If you have used OpenAI and would like to finetune the model on your own data.
Let us setup the environment first
pip3 install openai
pip3 install llama-index
pip3 install pypdf
pip3 install gradio
To train my custom document, in this case, I have downloaded the documment "Getting ROIC right" from EY website, and posted a few questions:
Q1: Why is Return on Invested Capital Important?
Q2: Can you explain what a liability is? Can you give me a full list in bullet points?
Q3: Your role is investor and your task is to calculate ROIC. Also give me an example with actual numbers.

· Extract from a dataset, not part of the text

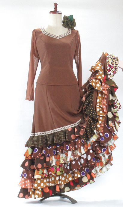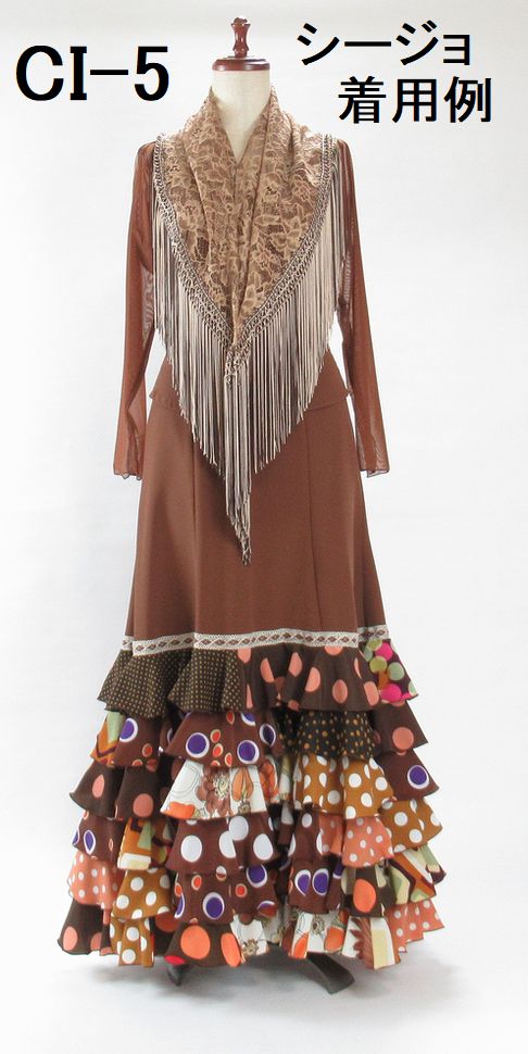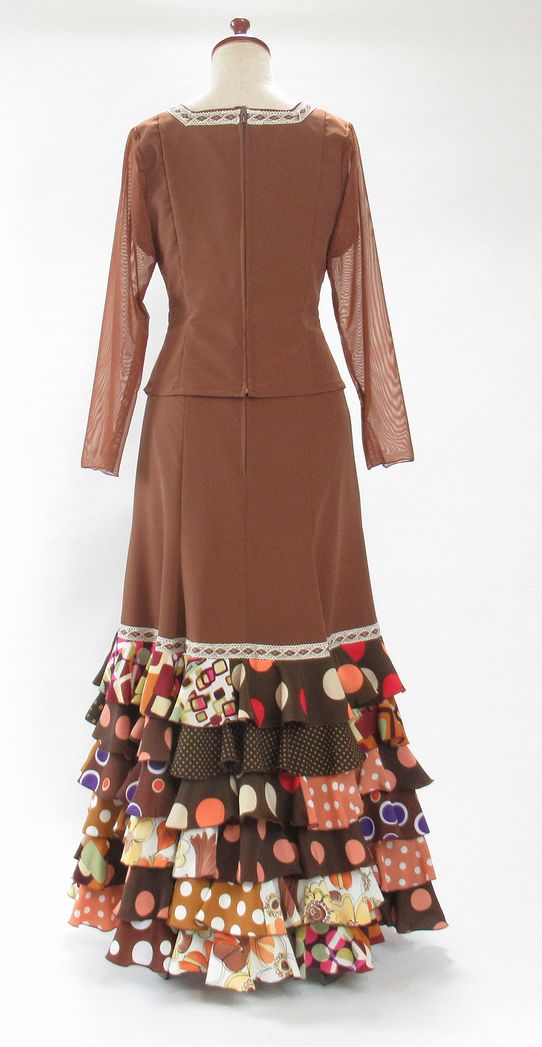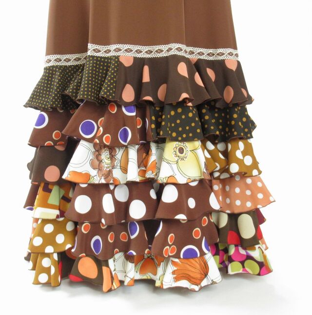 裾6段フリル(茶・オレンジ系のパッチワークフリル)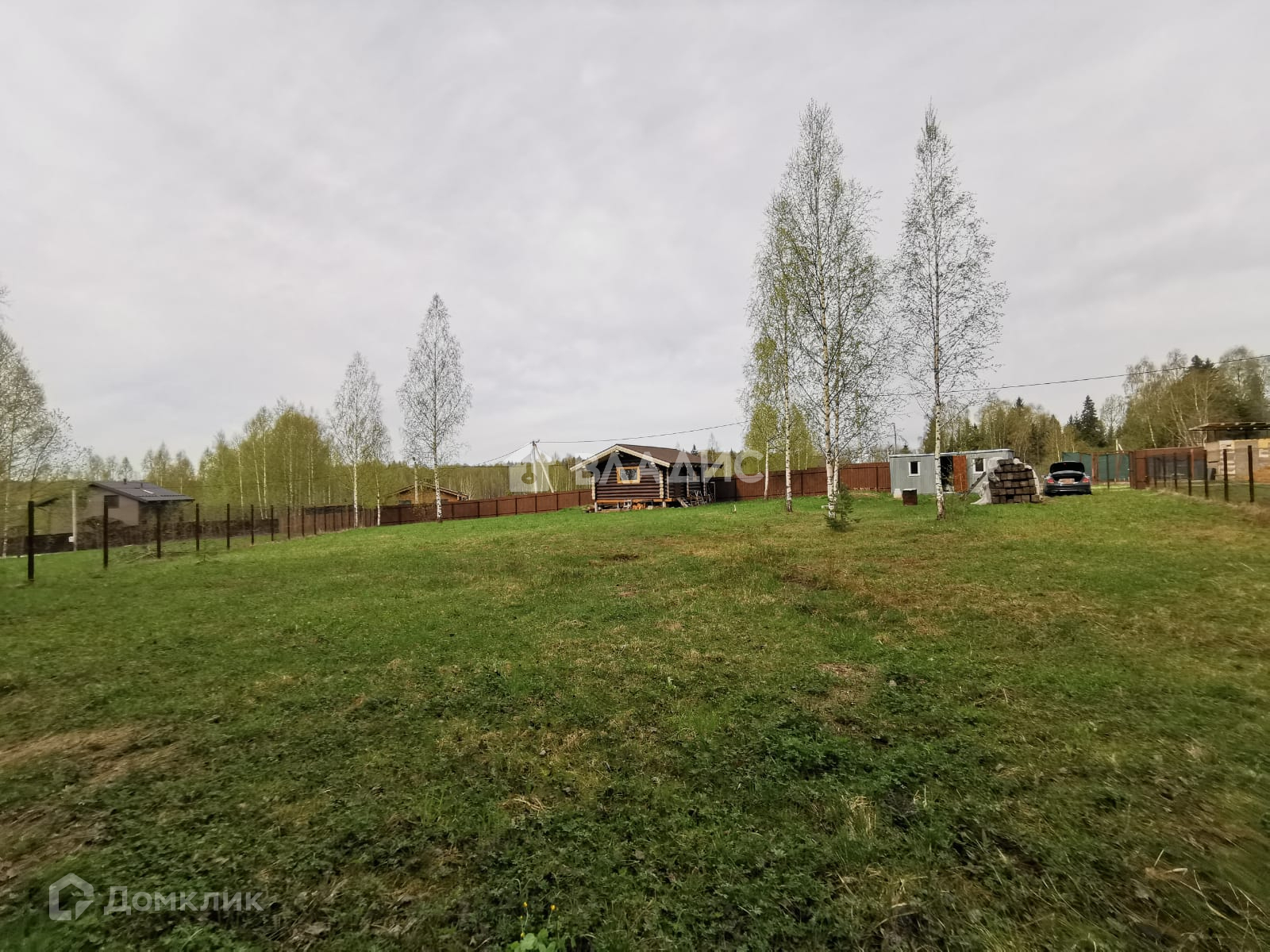 Участок обнесен качественным забором, со стороны дороги металлический профиль под дерево, на границе с соседями 3Д забор под последующую высадку живой изгороди. На участке растут березы, елка, кедр, дикая земляника. Охраняемая территория, пункт КПП, дороги зимой чистят.

Now, lets talk about the code.
My folder structure looks like this, and I have copied my pdf in training-data folder
training-data
In the above image, I have my code in custom_chat.py. There are two other folders created by llama-index, the indexes folder that it built using your pdf content and flagged folder created by gradio.
Now the code part:
from llama_index import GPTVectorStoreIndex, SimpleDirectoryReader, LLMPredictor, ServiceContext, StorageContext, load_index_from_storage
from langchain import OpenAI
import gradio
import os
os.environ["OPENAI_API_KEY"] = 'INSERT_KEY_HERE'
def construct_index(directory_path):
# set number of output tokens
num_outputs = 256
_llm_predictor = LLMPredictor(llm=OpenAI(temperature=0.5, model_name="gpt-3.5-turbo", max_tokens=num_outputs))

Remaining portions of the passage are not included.